Below, some lines carry pictures; leave those pictures out and retype exactly the lines from the one with "Cadets taking Pledge" through the one with "Gymnosporangium rust infection".

--- Extracted data Enclosed Below ---

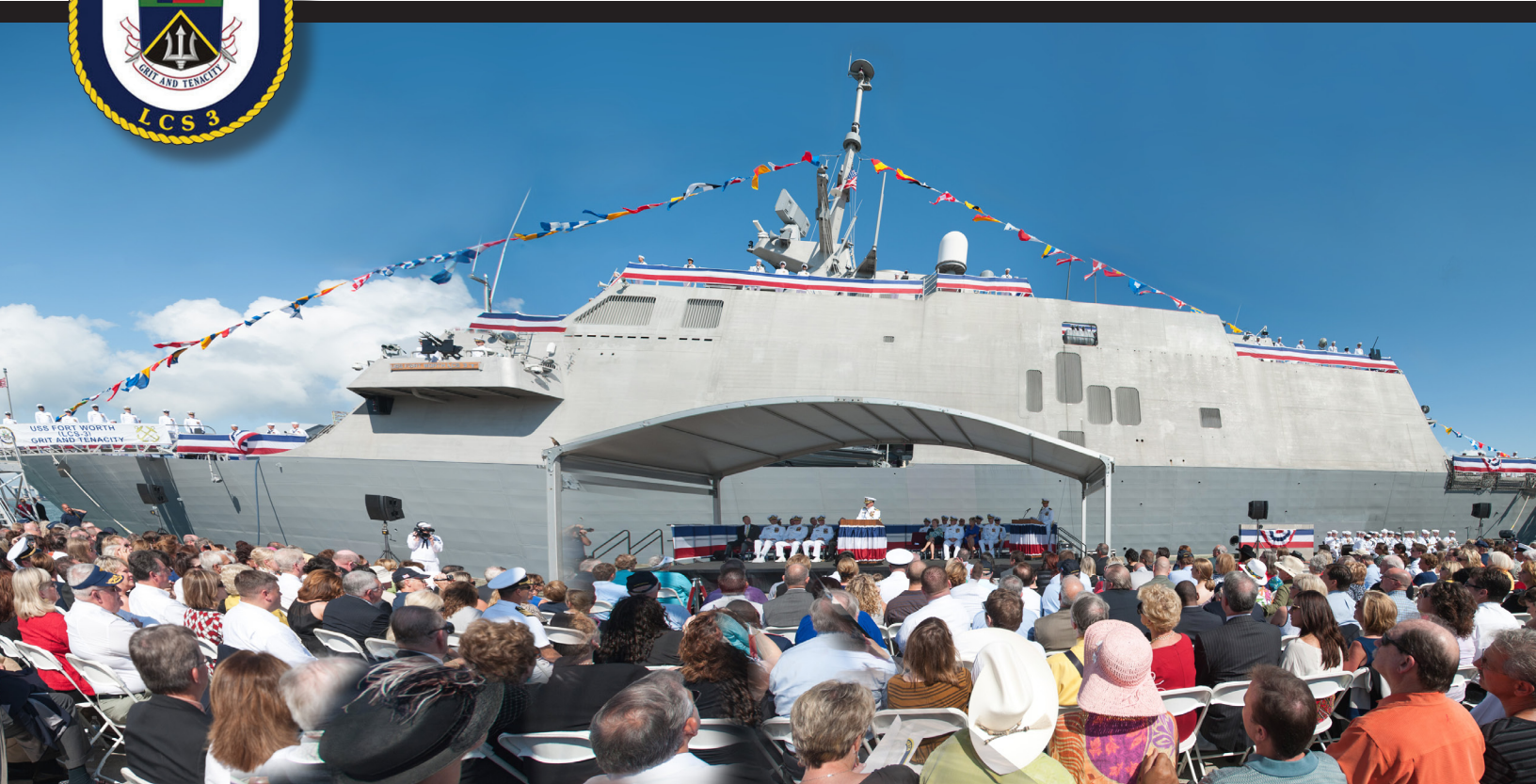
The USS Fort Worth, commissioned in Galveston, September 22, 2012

--- End of Enclosed Extracted data ---
--- Extracted data Enclosed Below ---

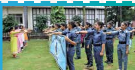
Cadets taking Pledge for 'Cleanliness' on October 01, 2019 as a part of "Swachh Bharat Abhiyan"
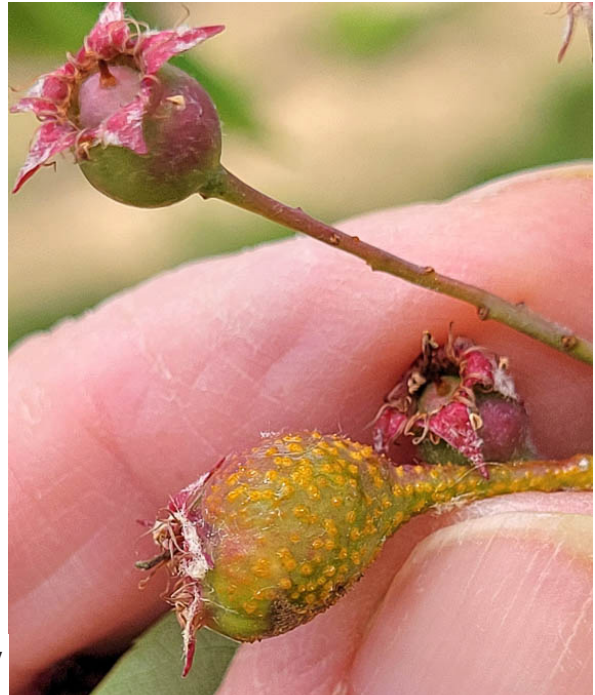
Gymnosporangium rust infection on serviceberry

--- End of Enclosed Extracted data ---

_Output for this task_:
Cadets taking Pledge for 'Cleanliness' on October 01, 2019 as a part of "Swachh Bharat Abhiyan"
Gymnosporangium rust infection on serviceberry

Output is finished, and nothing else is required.